Resource: https://www.osha.gov/as/opa/whistleblowermemo.html 

Since most of the NAECP members work for organizations that track and monitor workplace safety injuries, most of us have likely received concerns from workers who either assert that they were retaliated against for reporting injuries, or that workplace injury statistics are skewed or manipulated to show better than actual results.  The Fairfax Memo relates to this experience because it lists the “most common potentially discriminatory” types of policies or programs.  It is an eye-opening list, because it includes many programs that serve as foundations for identifying and tracking worker injuries.  Indeed, OSHA has made it clear that “[w]hile OSHA appreciates employers using safety as a key management metric, we cannot condone a program that encourages discrimination against workers who report injuries.”

Below are some common programs that OSHA has found discourage workers from reporting injuries; review the memo itself for more details about its position:

• Policies of taking disciplinary action against employees who are injured on the job, regardless of the circumstances surrounding the injury.  Reporting an injury is always a protected activity;

• Policies that discipline an employee who reports an injury, because of “the time or manner” of reporting the injury;

• Policies that impose discipline on the grounds that the injury resulted from the violation of the safety rule by the employee, if such discipline is based on pre-text, and not the facts;

• Policies that unintentionally or intentionally provide employees an incentive to not report injuries.  For example, providing bonuses or awards to departments or teams if no one is injured creates a dynamic that discourages reporting of concerns.

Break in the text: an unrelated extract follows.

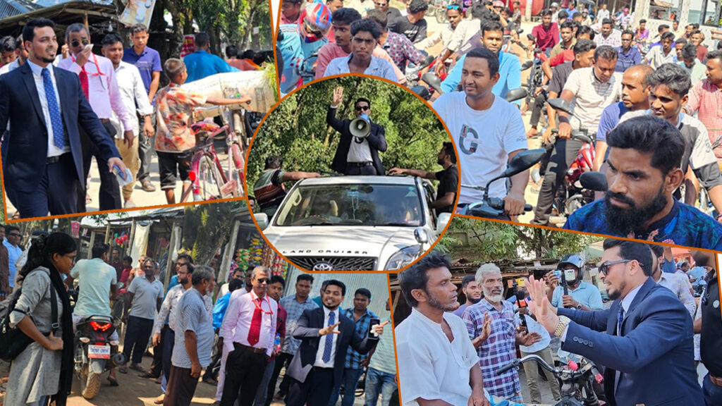 শোভাযাত্রায় অংশ নেওয়া তরুণেরা এই স্বতন্ত্র প্রার্থীকে নিয়ে বিভিন্ন শ্লোগান দেন। শোভাযাত্রার মধ্য দিয়ে প্রার্থী তার উন্নয়ন ভাবনা ভোটারদের সামনে তুলে ধরেন। এ সময় তিনি এলাকাবাসীর সঙ্গে কুশল বিনিময় করেন এবং এই সংসদীয় আসনের জন্য তার আগামীর ভিশন সম্পর্কে স্থানীয় বাজারগুলোতে সংক্ষিপ্ত বক্তব্য রাখেন।

The DOL states that investigations into these situations must include an especially careful examination of whether and how the employer applies the rule in situations that do not involve an employee injury.  In this examination, “enforcing a rule more stringently against injured employees than non-injured employees may suggest the rule is a pre-text for discrimination against an injured employee in violation of section 11(c).”  As members of the NAECP, we must also be mindful of these effects and seek to apply these lessons in our own workplace reporting procedures. 

An interesting article on the issue of workplace injury and retaliation claims was published last year by The Wall Street Journal and is worth a read.  The article is “Workplace Injuries Drop, But Claims of Employer Retaliation Rise” from The Wall Street Journal on July 22nd, 2013.   These issues are also being addressed by the DOL whistleblower advisory committee.